Мы остановились на очередном полустанке – два столба и дощечка с названием, а сама деревня, наверное, лежит вдалеке от путей, – и я увидела, как в поезд заходят женщина и мужчина. В городе я бы и внимания на них не обратила, но здесь, в чистом поле… Она – красивая, ухоженная: костюм простой, но элегантного кроя, ботинки на низком каблучке – из тончайшей кожи, облегающей ногу как перчатка. Мужчина – постарше, уже с сединой на висках, высокий, худой, резкие черты лица. Френч небрежно перекинут через плечо. У них были несессер и огромная мягкая дорожная сумка.

Я выглянула в окно – ничего, только рожь, овес, клевер да узкая лента проселочной дороги, по которой удалялась от станции телега с решетчатыми бортами, оставляя за собой шлейф серой пыли. Похоже, на этой телеге они и приехали. Где они были? У кого?

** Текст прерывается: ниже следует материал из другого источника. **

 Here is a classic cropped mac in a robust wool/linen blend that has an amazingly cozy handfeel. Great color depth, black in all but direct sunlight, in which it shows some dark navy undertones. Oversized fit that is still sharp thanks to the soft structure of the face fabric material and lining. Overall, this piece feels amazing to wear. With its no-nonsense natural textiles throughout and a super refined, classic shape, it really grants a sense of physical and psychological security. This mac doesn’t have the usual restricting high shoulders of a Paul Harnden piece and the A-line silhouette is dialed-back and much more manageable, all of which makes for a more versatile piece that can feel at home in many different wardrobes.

Городские до мозга костей – явно не у родни гостили, голову дам на отсечение.

Пара зашла в мое купе – ближайшее к тамбуру. Мужчина разместил на полке багаж, помог женщине снять жакет. В блузке она выглядела моложе, совсем по-девичьи, а белый цвет еще сильнее оттенял глаза – они были заплаканные. Женщина села в уголке, не у окна, хоть там и было свободно, и испуганно, словно ища поддержки, взяла мужчину за руку. Но какая из него опора, вон как сигарета в руке дрожит!

Поезд плавно повернул по широкой дуге, из-за леса выскочили разбросанные вдоль реки домишки – внезапно показались и почти сразу исчезли за темной тучей деревьев.

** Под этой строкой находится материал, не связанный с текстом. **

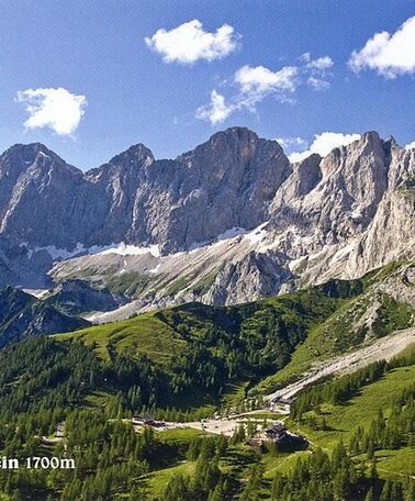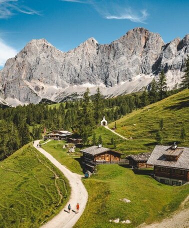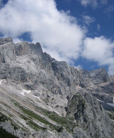 Hiking trails or steeper climbs up to the vertical rock faces of the Dachstein South Faces.
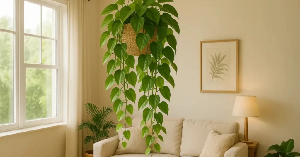 LSI utilizados: cuidados com jiboia, jiboia cheia, crescimento de plantas pendentes, Epipremnum aureum, planta de interior resistente, deixar jiboia volumosa.
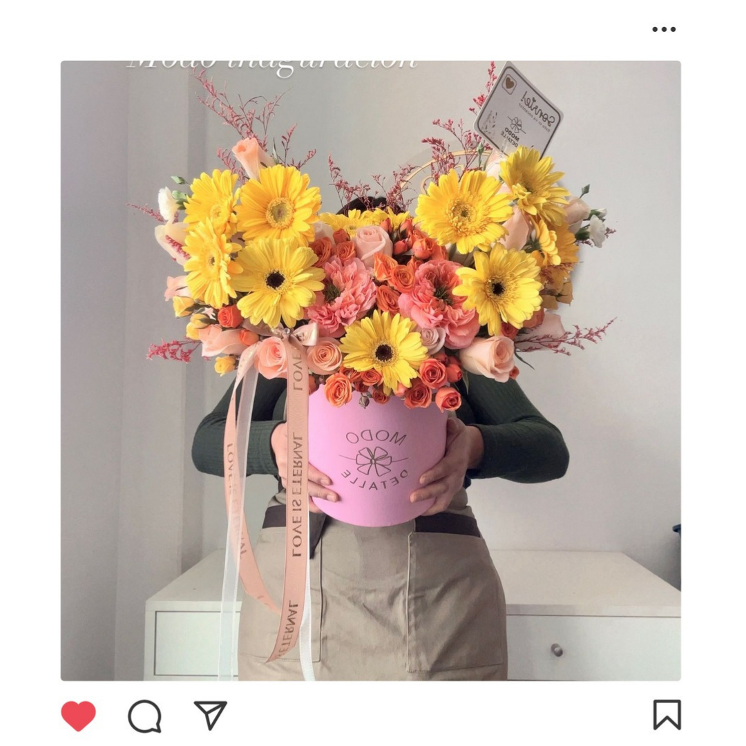 Una caja floral abundante y colorida que incluye 30 rosas, minirosas, hojas secas y 10 gerberas, ideal para un regalo alegre y lleno de vida.

– Тише, тише, – услышала я шепот и, обернувшись, увидела, что женщина плачет. Она плакала тихо, беззвучно, по щекам тоненькой струйкой стекали слезы – круглые стеклянные шарики. Это был жалобный плач, и мужчина невольно повторил: – Тише, тише, – будто ребенку. Бросил быстрый взгляд в мою сторону, склонился над плачущей и прошептал, акцентируя каждый слог: – Пре-кра-ти же ты на-ко-нец.

Но женщина не могла прекратить. Теперь она громко всхлипывала, закрыв лицо руками.

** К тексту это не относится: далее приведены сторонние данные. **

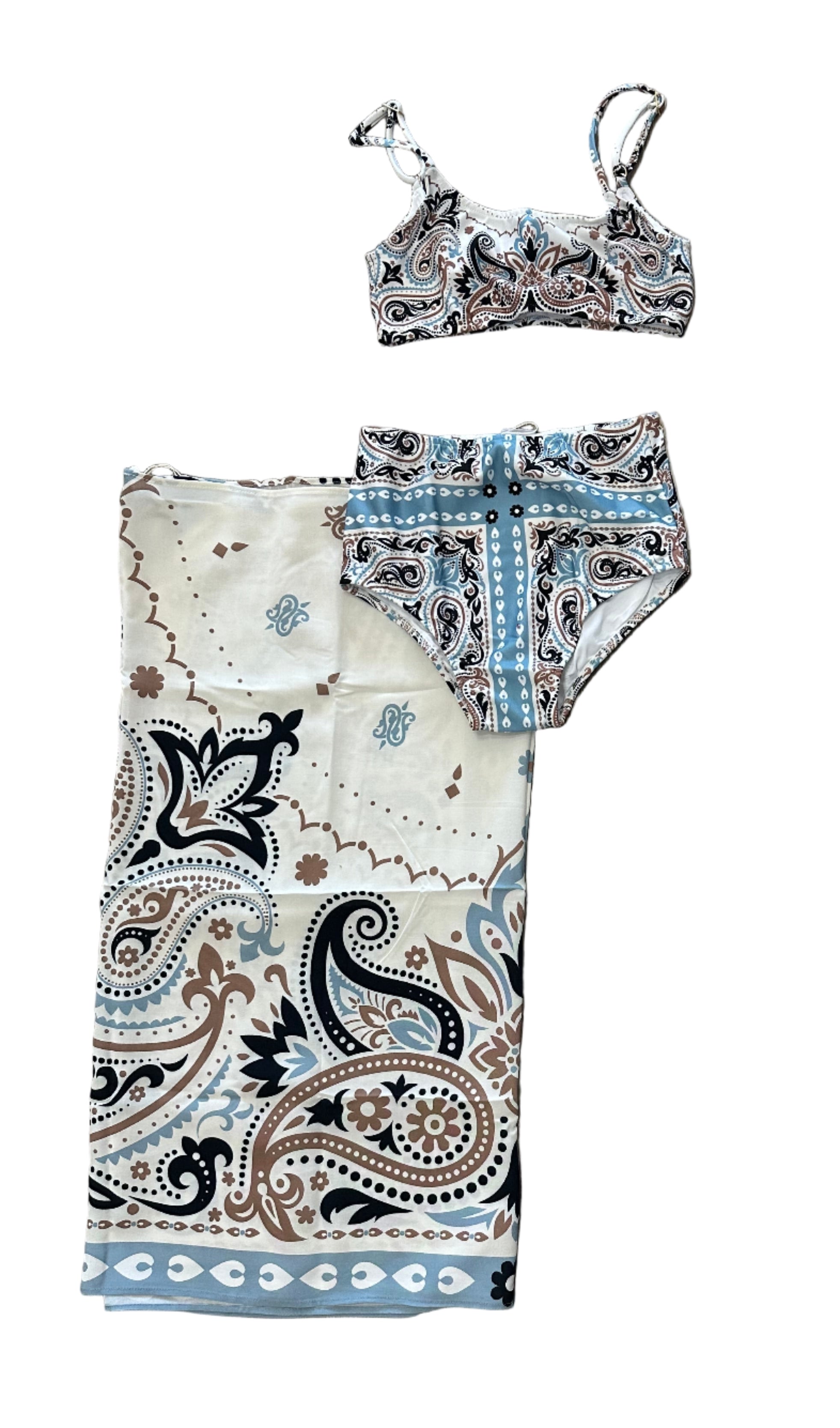 TR Girls Exclusive Bandanna Daisy High Waisted Bikini and Pareo Set
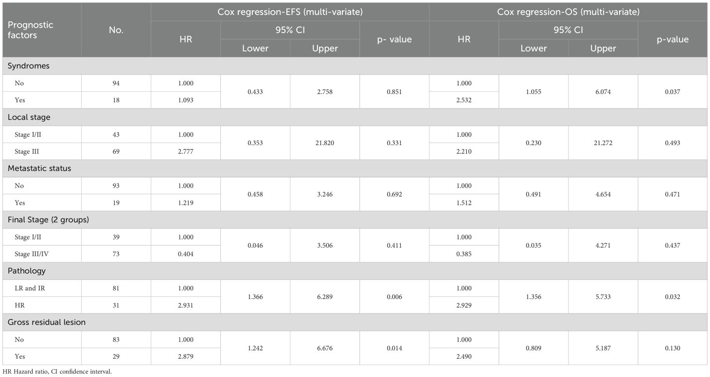 Patients with postoperative gross residual disease demonstrated significantly reduced 5-year EFS and OS compared to those without residual disease (EFS: 45.4% vs. 77.7%, p 0.001; OS: 62.5% vs. 81.7%, p 0.009) (Figure 5). Univariate and multivariate analyses identified gross residual disease as an independent predictor of poorer EFS (Hazard ratio = 2.879, 95% CI: 1.242–6.676, p 0.014), though this association did not retain statistical significance for OS (Hazard ratio = 2.490, 95% CI: 0.809–5.187, p 0.13).
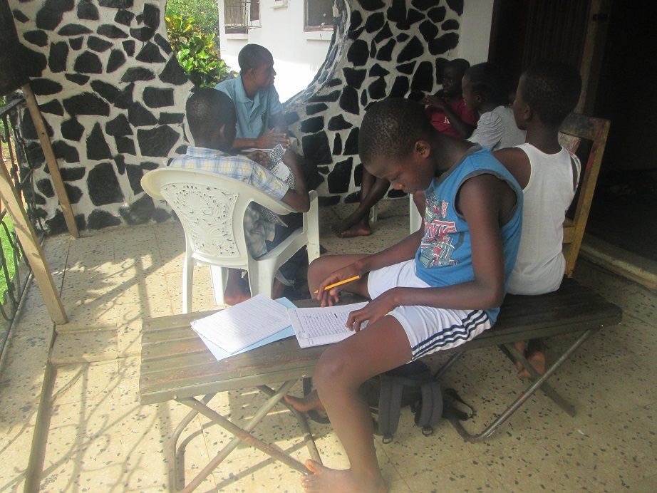 | Liberian student working on his homework on the porch of UDS Learning Center |
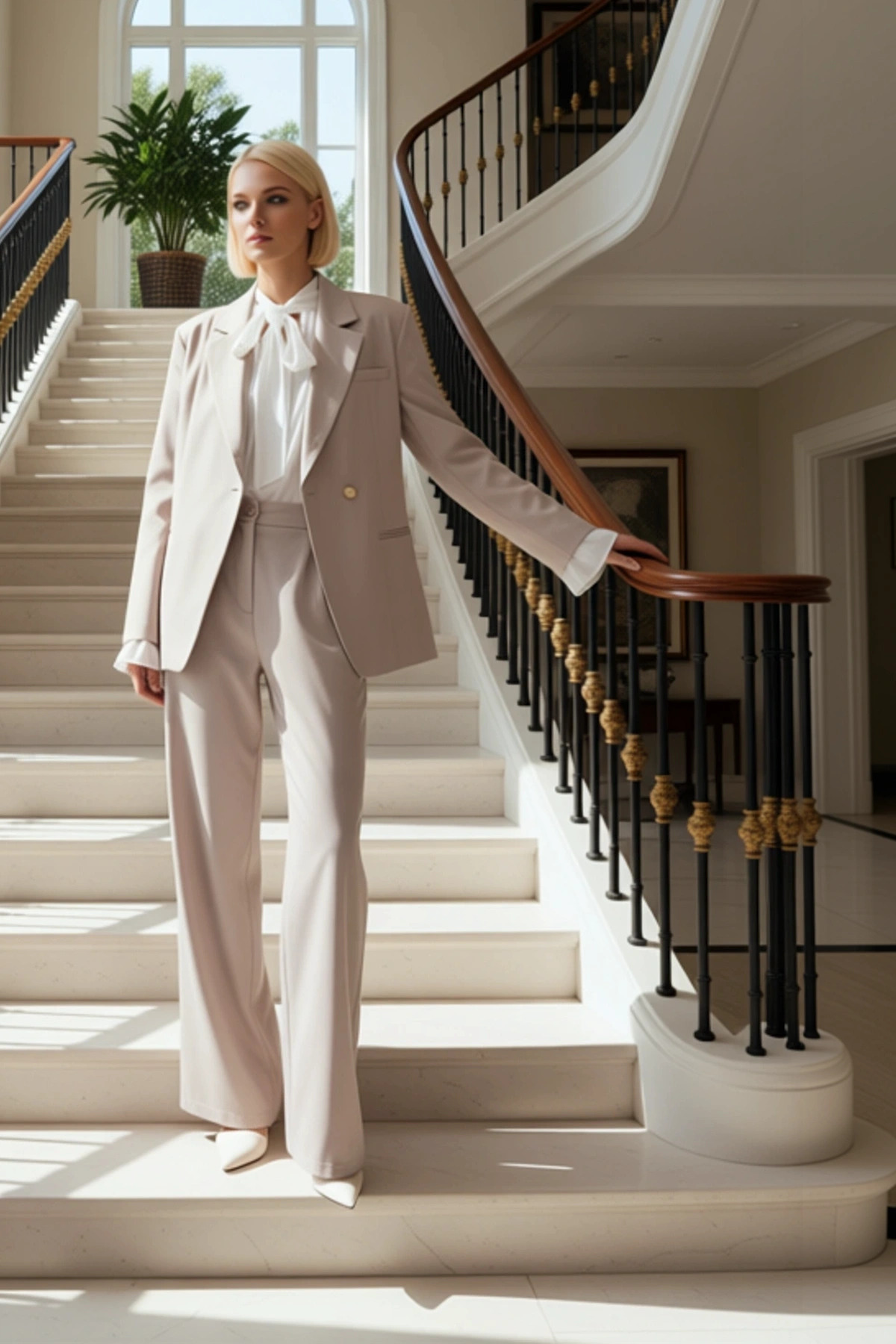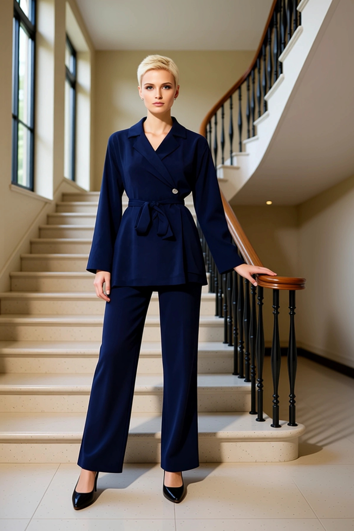 Kadın Alt Üst Modern Kruvaze Yaka Uzun Kollu Gömlek Ve Rahat Kesim Geniş Paça Pantolon Takım
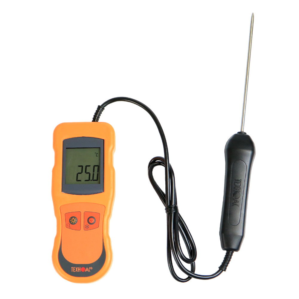 Медный термодатчик контактного термометра ТЕХНО-АС ТК-5.01МС позволяет выполнять измерений в диапазоне температур от -40°С до +200°С. Относительная погрешность при этом составляет ±0,5% + единица младшего разряда равная 0,1°С. Помимо высокой точности при погружных измерениях эта модель дополнена рядом функциональных особенностей:
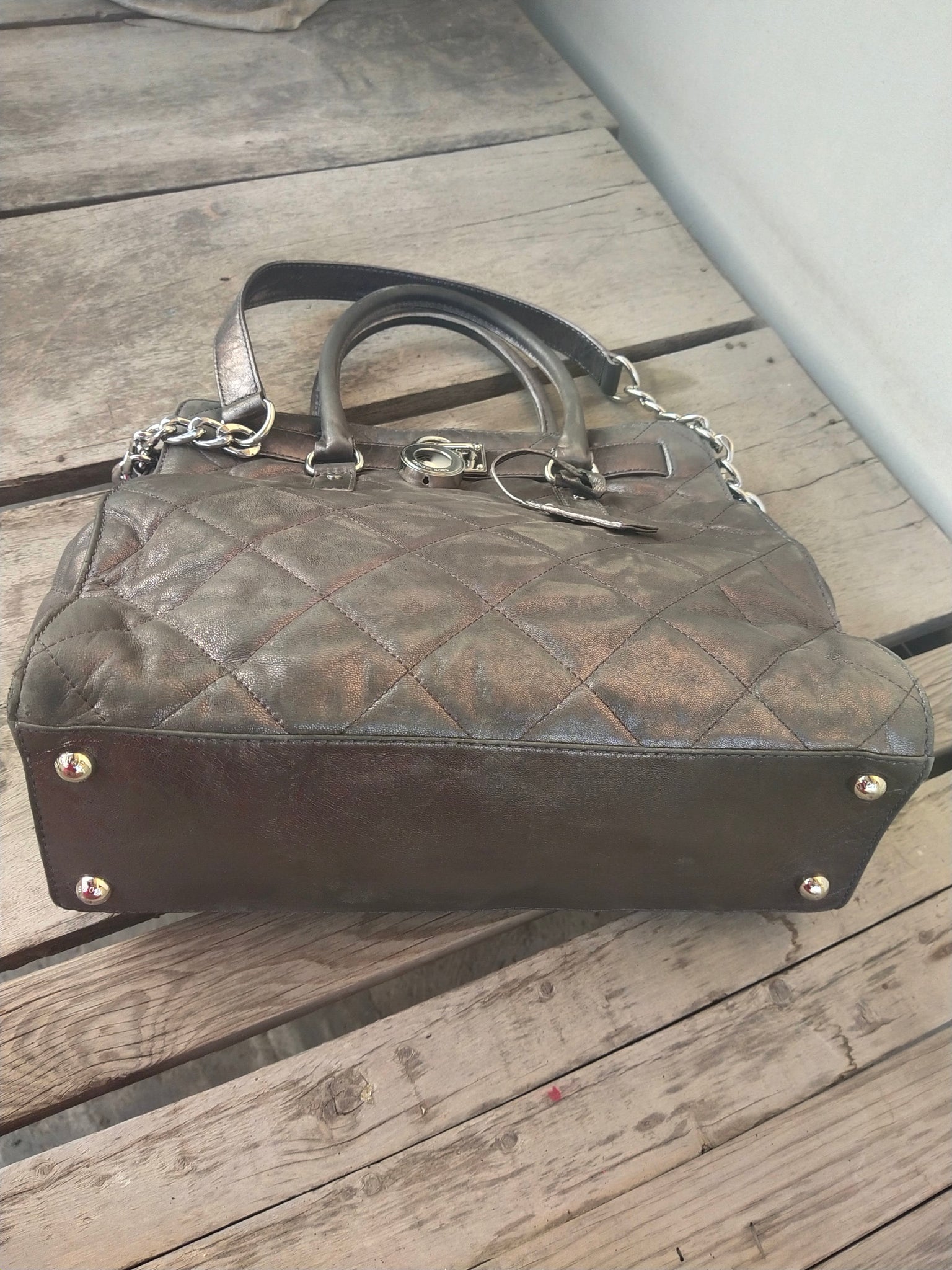 Preloved Authentic Coded Gently Used Mich. ael Ko rs Large NS Quilted Leather Hamilton Tote. Inside condition is awesome. The outside has some signs of use at bottom and hadles area but is still clean and nice (please check outer pics carefully).

– Минутное расстройство, – повернулся ко мне мужчина, – сейчас пройдет… Приляг, милая, – теперь он говорил с легким раздражением, слово «милая» прозвучало резко, – и знаешь… ты посмейся над этим…

– Посмеяться?! – воскликнула она.

В ее возгласе слышалась глубокая, неподдельная горечь. «Смеяться нельзя, она права», – подумала я и встала: надо оставить их одних. Сняла с полки чемодан и уже собиралась выйти, когда он сказал:

– Нет-нет… Останьтесь, пожалуйста, даже лучше, если мы будем не одни.

Мне было неловко, я не знала, как себя вести.

Потянулась за книжкой, но он, вероятно испугавшись молчания, тут же спросил:

– Можно поинтересоваться, что вы читаете?

Я сказала название. Ну почему же он не знает? Период оккупации – верно? Теперь оба они дружно рассмеялись, и, хотя это был нехороший смех, я не могла скрыть изумления.

– Искалечили человека, что тут говорить… – сказал он наконец. – Вы где были?

– В лагере.

– А мы в убежище. Здесь, в этих краях, в той деревне, где мы в поезд сели.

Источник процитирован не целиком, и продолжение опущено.